Monsieur Le Maire, je vous remercie pour votre intervention, que j'ai trouvée intéressante, même si notre désaccord est radical. Reste qu'entre Tocqueville et Marx, il y a eu des compromis au cours de l'histoire. Certains ont été imposés au capitalisme, notamment après le Conseil national de la Résistance, qui l'ont obligé à accepter des règles, à rentrer dans les clous. Il s'agissait que sa logique propre – accumuler le profit – ne se fasse pas au détriment de l'intérêt général de la société.

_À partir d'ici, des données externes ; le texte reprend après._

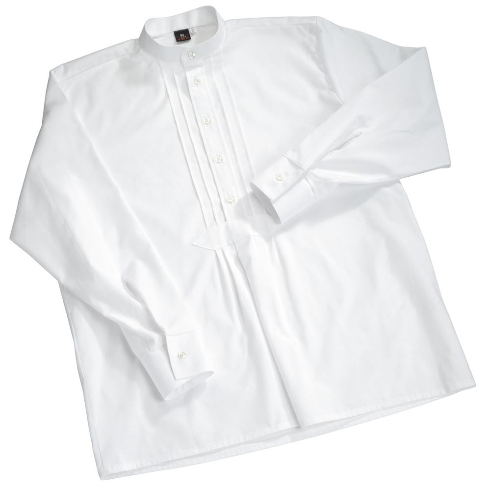 Aus 100% Baumwolle, sanforisiert ∙ Langärmeliges Stehkragenhemd mit Faltenbrust in Schlupfform ∙ Farbe weiß
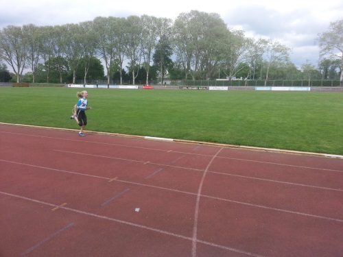 Vincent (8C, in blauem Trikot), der die AES-4x75m-Staffel als Schlussläufer zum Erfolg führte.
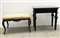 Tavolino in legno intagliato ed ebanizzato con piano in marmo grigio (cm 73x67x37) unito a panchetto in stile Luigi XV in legno intagliato (cm 74x46x43) (difetti)
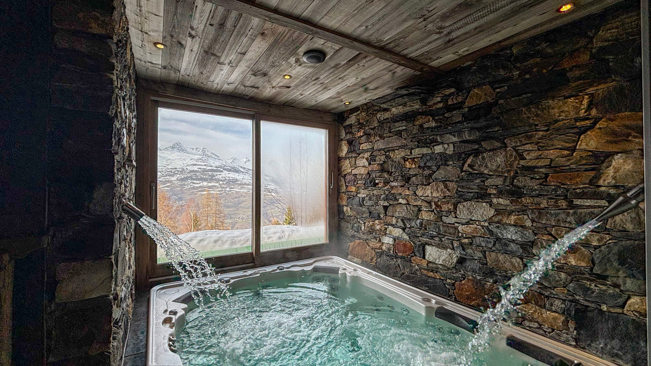 Stunning ski chalet in La Plagne with large spa, fitness room and fabulous views; sleeps 16
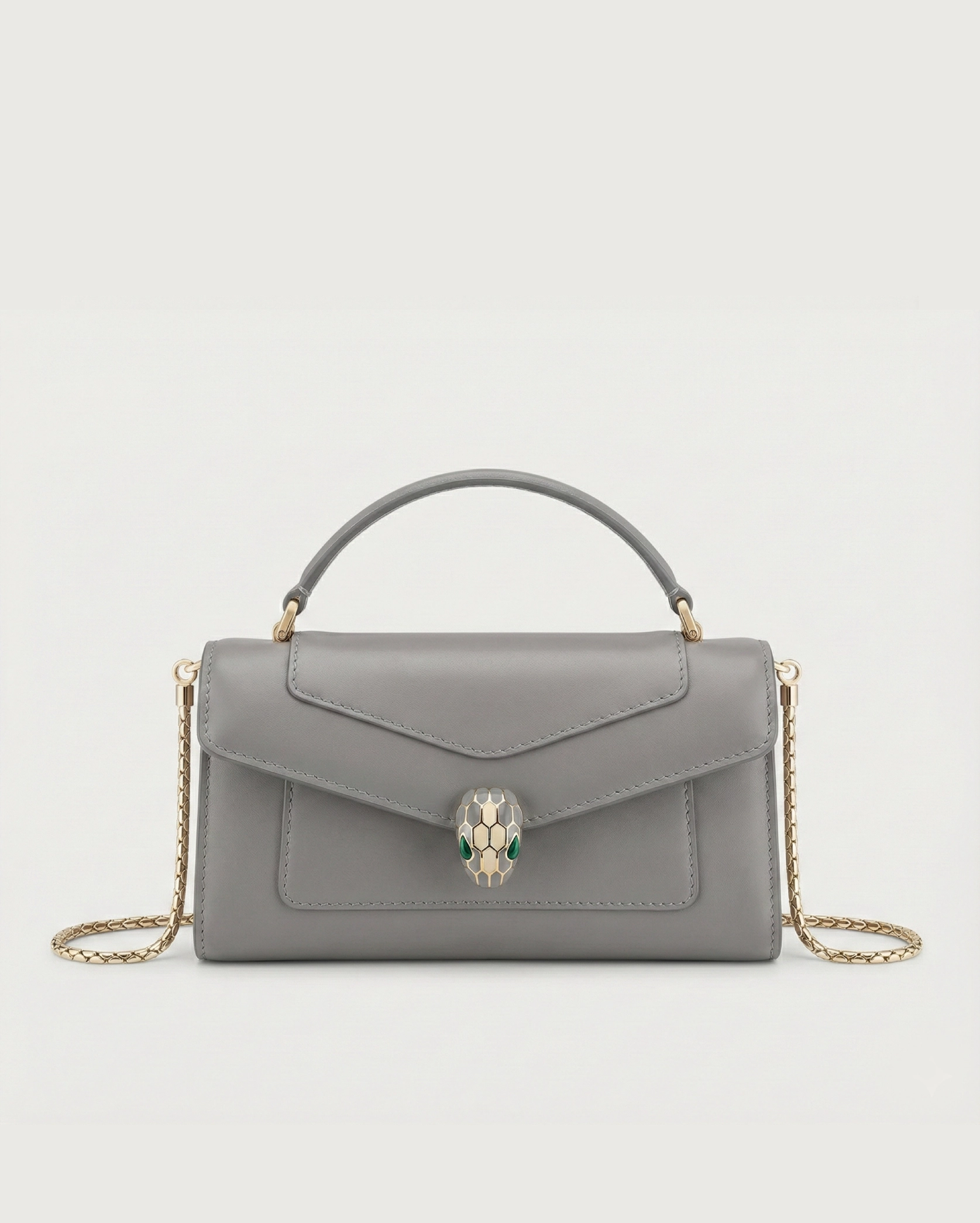 Serpenti Head: Light gold-plated brass closure featuring enamel scales.

Pour aller vite, on a créé une économie avec marché.
Vous nous proposez de revenir aux années quatre-vingt – à Thatcher, à Reagan – en considérant que l'accumulation des intérêts particuliers dans le libre-échange, dans le marché, fera finalement le bonheur de tous.
Laissons de côté l'issue de la première mondialisation capitaliste, avant 1914, qui a tout de même déclenché deux guerres mondiales et la crise de 1929, pour examiner ce qui se passe aujourd'hui. Votre histoire est une vis sans fin, parce que le capitalisme ne connaît aucune morale, ni bonne ni mauvaise. Sa seule logique est l'accumulation des profits. Dès lors que c'est son seul critère, on peut toujours espérer que le capital s'investira dans tel placement, mais il ira là où la rentabilité est la plus élevée.
Plus récemment, entre 2007 et 2016, la France a pratiquement détenu le record d'Europe en matière d'accroissement des inégalités. Pendant cette période, les inégalités de revenus ont augmenté de plus de 9 %. C'est encore ce que vous nous proposez. Vous voulez continuer à mettre sans fin de l'argent devant le totem, mus par la croyance mystique que l'investissement s'orientera tout d'un coup de manière positive ; mais cela ne se passe jamais comme ça.